More importantly, Kavanaugh’s evasiveness has been very much to the fore as allegations have come to light re his high school and university years. In the case of his most recent appearance before the judiciary committee, this evasiveness has been mixed with, and sometimes masked by, a belligerent and, in my view, self-servingly mawkish tone which I didn’t find conducive to truthfulness. Most importantly, and, I feel, decisively, he managed to avoid answering the question as to whether he would be prepared to submit to an FBI investigation. Not once but on five separate occasions when questioned on the matter. In spite of my squeamishness, I did witness him doing this on one of the cable networks, and to me it was clear what he was doing. As a person who has himself been falsely accused – of a crime even more serious than anything alleged against Kavanaugh – I know how I feel about police investigations – that they should be done as promptly and as thoroughly as humanly possible, and I would certainly have been prepared to testify to the highest authorities under oath many times over to clear my name, and was in fact desperate to do so. And since there were no witnesses to the allegation made against me, I would certainly have been happy to have any and all witnesses to testify to my character in respect of violence, or my accuser’s character in respect of truth-telling. But, being a ‘nobody’, accused by a nobody, I had to sit and by and watch the police do virtually nothing, until forced to do so, after which the case was thrown out. So Kavanaugh’s refusal to answer that question, and his obvious whitewashing of the period in question, can only be explained one way. Innocent people just don’t behave like that, unless there’s something very wrong with them. 

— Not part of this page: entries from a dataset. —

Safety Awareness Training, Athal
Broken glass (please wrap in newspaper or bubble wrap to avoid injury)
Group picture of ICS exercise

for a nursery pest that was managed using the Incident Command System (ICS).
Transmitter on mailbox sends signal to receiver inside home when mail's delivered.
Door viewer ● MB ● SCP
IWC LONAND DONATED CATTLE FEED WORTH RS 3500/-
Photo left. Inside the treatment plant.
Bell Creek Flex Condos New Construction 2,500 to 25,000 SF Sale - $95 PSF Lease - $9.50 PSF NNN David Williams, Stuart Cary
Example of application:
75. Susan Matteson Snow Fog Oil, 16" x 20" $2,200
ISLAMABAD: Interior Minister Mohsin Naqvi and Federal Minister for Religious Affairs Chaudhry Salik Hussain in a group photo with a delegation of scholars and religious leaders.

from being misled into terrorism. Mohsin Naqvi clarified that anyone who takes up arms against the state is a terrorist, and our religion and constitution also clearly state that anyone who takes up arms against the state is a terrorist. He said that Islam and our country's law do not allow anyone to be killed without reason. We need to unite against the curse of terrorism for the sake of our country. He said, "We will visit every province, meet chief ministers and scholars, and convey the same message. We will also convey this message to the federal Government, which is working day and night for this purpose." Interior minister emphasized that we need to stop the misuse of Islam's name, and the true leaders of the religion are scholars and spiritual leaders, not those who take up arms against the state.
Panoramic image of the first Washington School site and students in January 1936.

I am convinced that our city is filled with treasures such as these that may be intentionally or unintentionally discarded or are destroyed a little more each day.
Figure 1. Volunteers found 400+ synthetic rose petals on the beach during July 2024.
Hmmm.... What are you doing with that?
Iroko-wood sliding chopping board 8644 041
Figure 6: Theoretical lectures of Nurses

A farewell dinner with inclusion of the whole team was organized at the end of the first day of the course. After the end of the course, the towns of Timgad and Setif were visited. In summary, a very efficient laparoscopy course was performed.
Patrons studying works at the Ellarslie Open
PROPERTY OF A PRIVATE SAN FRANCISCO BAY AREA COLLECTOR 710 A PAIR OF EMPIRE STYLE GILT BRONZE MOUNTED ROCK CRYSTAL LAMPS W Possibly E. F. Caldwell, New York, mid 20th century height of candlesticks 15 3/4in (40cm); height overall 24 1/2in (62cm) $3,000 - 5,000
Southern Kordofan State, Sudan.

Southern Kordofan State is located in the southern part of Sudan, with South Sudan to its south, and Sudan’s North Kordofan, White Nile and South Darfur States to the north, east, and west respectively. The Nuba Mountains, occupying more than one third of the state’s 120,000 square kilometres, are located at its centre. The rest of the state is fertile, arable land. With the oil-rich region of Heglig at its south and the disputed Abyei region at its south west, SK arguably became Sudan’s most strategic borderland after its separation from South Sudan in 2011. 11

The fact is, Kavanaugh’s obfuscation is incredibly telling, and the majority Republicans, who have now ‘permitted’ an FBI inquiry, ‘limited in scope and time’, are still doing their best to ram through the confirmation ‘no matter what’, according to the dictum of the egregious Mitch McConnell. This is not an investigation which will probe all the facts in the case, because it is limited by a partisan party. Moreover, the recent appearance by Kavanaugh was conducted under oath, and a number of classmates have since come forward to point out that he told lies under that oath, about his drinking habits, which he massively downplayed while also talking, strangely, at length, about the pleasures of beer. He presented himself as a church-going, highly studious, sporty type whose love of beer wasn’t excessive. Classmates have come forward to say that he was very often drunk, that he was a mean drunk, a sloppy drunk and so forth, and that he therefore lied under oath, which should be immediately disqualifying. 

However, having said that, it’s likely that the FBI will not be investigating his drinking habits, they will only concern themselves, as directed, with the alleged assault or assaults. Though it isn’t entirely clear, it seems, what the FBI’s brief is. In fact, as I write, the goalposts keep shifting. The White House and Trump seemed to broaden the investigation, then the media were told, no, it would remain limited, etc, and the FBI itself seemed confused about all the mixed signals. The bureau is supposed to take its orders from the White House in this instance, which is itself a worry. Not surprisingly, Trump is now heaping praise on the FBI – at least until their findings are presented.

But to return to Kavanaugh’s final ‘testimony’. It was belligerent and evasive, but also partisan and Trumpian – blaming the Clintons for a set-up and an ambush. It’s noteworthy that Trump was critical of Kavanaugh’s performance in his first hearing, and it’s well-known that Kavanaugh had been ‘rehearsing’ his performance at the White House, so this time he did his master’s bidding and played the witch-hunt card, thus managing to be offensively belligerent and obsequious at the same time – though why he chose to play to an audience of one, when the confirmation was largely out of Trump’s hands, is anyone’s guess.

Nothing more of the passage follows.